* INSTRUCTIONS FOR THE TASK: Please produce an exact copy of only the lines from the one with "春を翔けた 三日月呼ぶ夜に狂い咲く |" through the last one of the material, without pictures.

* GIVEN INFORMATION:
───

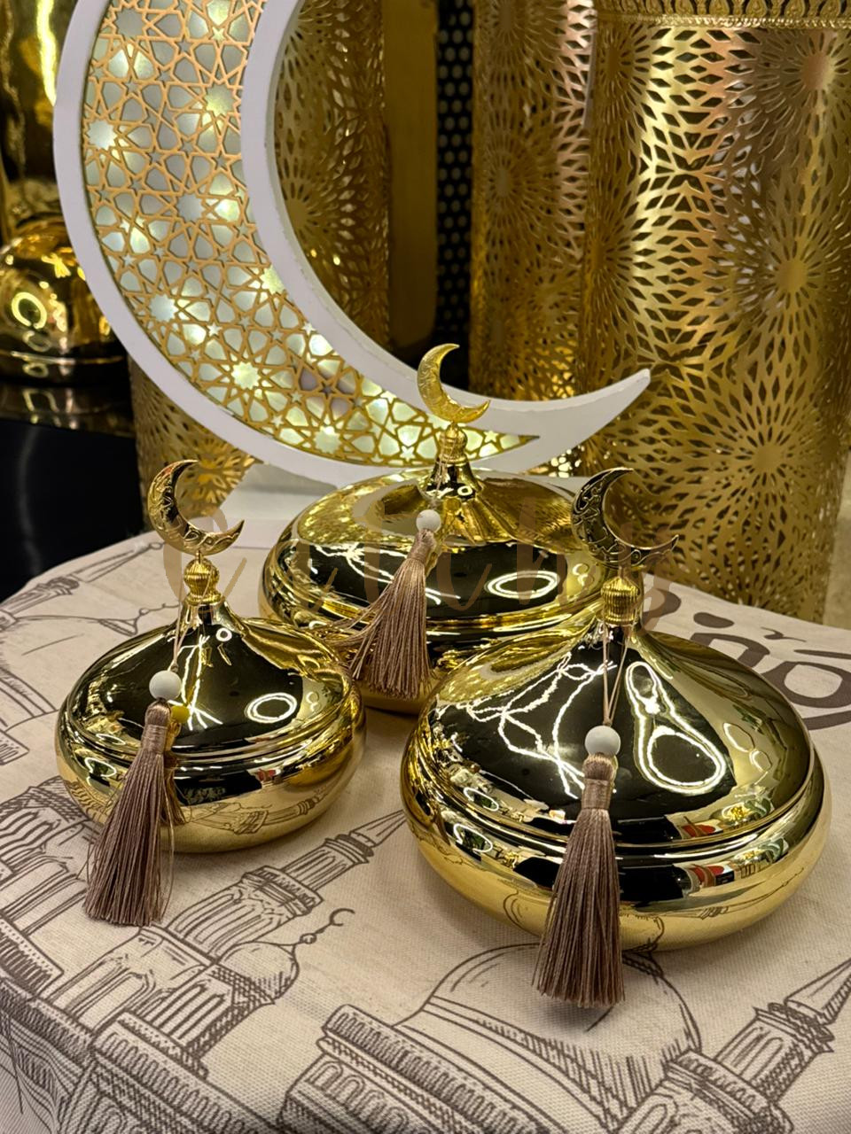 A luxurious Ramadan dates plate set designed to elevate your Iftar table with a rich, festive touch. Featuring clear glass bowls wrapped with elegant gold detailing and topped with crescent moon finials, this set beautifully reflects the spirit of Ramadan. Ideal for serving dates, nuts, or sweets, while also doubling as a sophisticated decorative accent for your table or console.
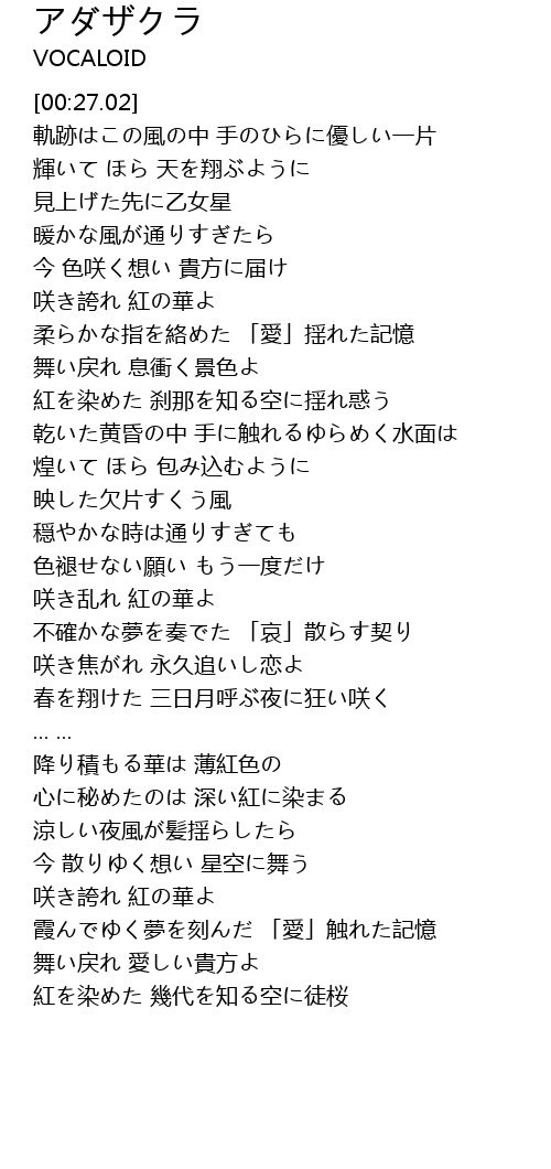 | [02:39.02] | 春を翔けた 三日月呼ぶ夜に狂い咲く |
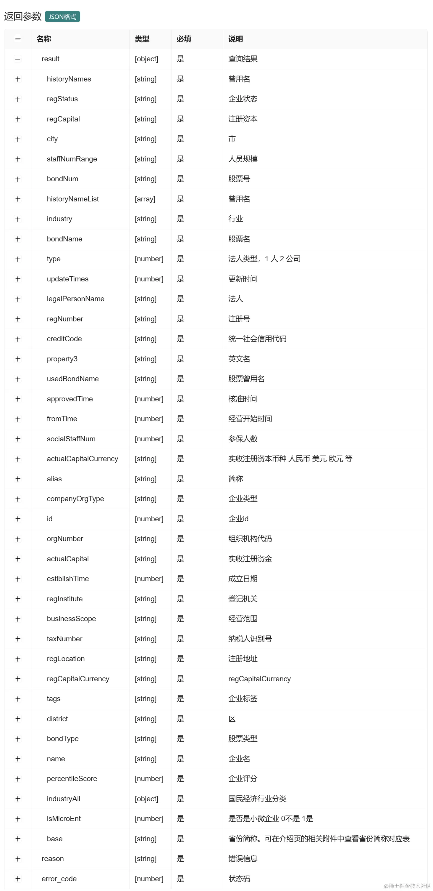 这里我推荐的是 APISpace 的 企业基本信息API,通过公司名称/公司ID/注册号或社会统一信用代码获取企业基本信息,企业基本信息包括公司名称或ID、类型、成立日期、经营状态、注册资本、法人、工商注册号、统一社会信用代码、组织机构代码、纳税人识别号等字段信息。

───

* ANSWER SECTION:
 | [02:39.02] | 春を翔けた 三日月呼ぶ夜に狂い咲く |
 这里我推荐的是 APISpace 的 企业基本信息API,通过公司名称/公司ID/注册号或社会统一信用代码获取企业基本信息,企业基本信息包括公司名称或ID、类型、成立日期、经营状态、注册资本、法人、工商注册号、统一社会信用代码、组织机构代码、纳税人识别号等字段信息。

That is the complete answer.